The fate of the Korang River is similar to that of other rivers in the vicinity of cities in Pakistan, that of a garbage dump. Plastic bags are choking the natural life in the water, and it will not be long before the fish in the river vanish. Flowing down from the Murree Hills to Islamabad, it feeds the Rawal Lake, the source of water for the citizens of Rawalpindi.
The Green Force, led by Cristina Afridi, Bilal Haque and Saima Umar, had put the event together, with the enthusiastic assistance of the Green Volunteers and Waste Busters. It was the first environmental clean-up drive of this scale in the twin cities, made high profile by the presence of Imran Khan and Senator Mushahid Hussain. Both of them stressed the need to save the threatened environment, and brought attention to this neglected issue in Pakistan. Cristina Afridi pointed out in her speech how wildlife had disappeared in just a couple of years, as encroachers were illegally occupying this protected area for wildlife.

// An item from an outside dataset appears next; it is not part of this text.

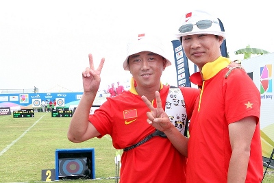 Ce match a opposé le champion du monde 2003 Michele FRANGILLI au no. 15 des qualifications JING Xianqing (photo). L’Italien a entamé cette finale sur le score de 9-10-9, alors que son adversaire tirait 9-10-8. L’Italien menait 2-0, mais ses flèches assez faibles au deuxième set (8-x10-8) ont permis à JING de revenir avec 9-9-10 pour égaliser à 2-2. L’archer chinois a enchaîné avec x10-x10-8 pour battre les flèches à 8-9-9 de FRANGILLI et mener 4-2. L’Italien a tiré x10-9-9 au dernier set. JING a quant à lui commencé par 9 et x10. Il lui fallait ainsi un 10 pour gagnant, ce qu’il a fait! C’est sa première médaille d’or à ce niveau de compétition.

The children who had competed with each other in teams of ten children each, were awarded certificates, and the SOS Village School, Rawalpindi walked away with the prize for collecting the most garbage. The irony was that while the banks of the Korang River looked considerably cleaner after the kids had braved the heat cleaning it, the tent under which the ceremony was held and tea served, was littered with garbage at the end of it. The battle for changing the culture of Pakistanis is going to be long, arduous and challenging for all environmentalists.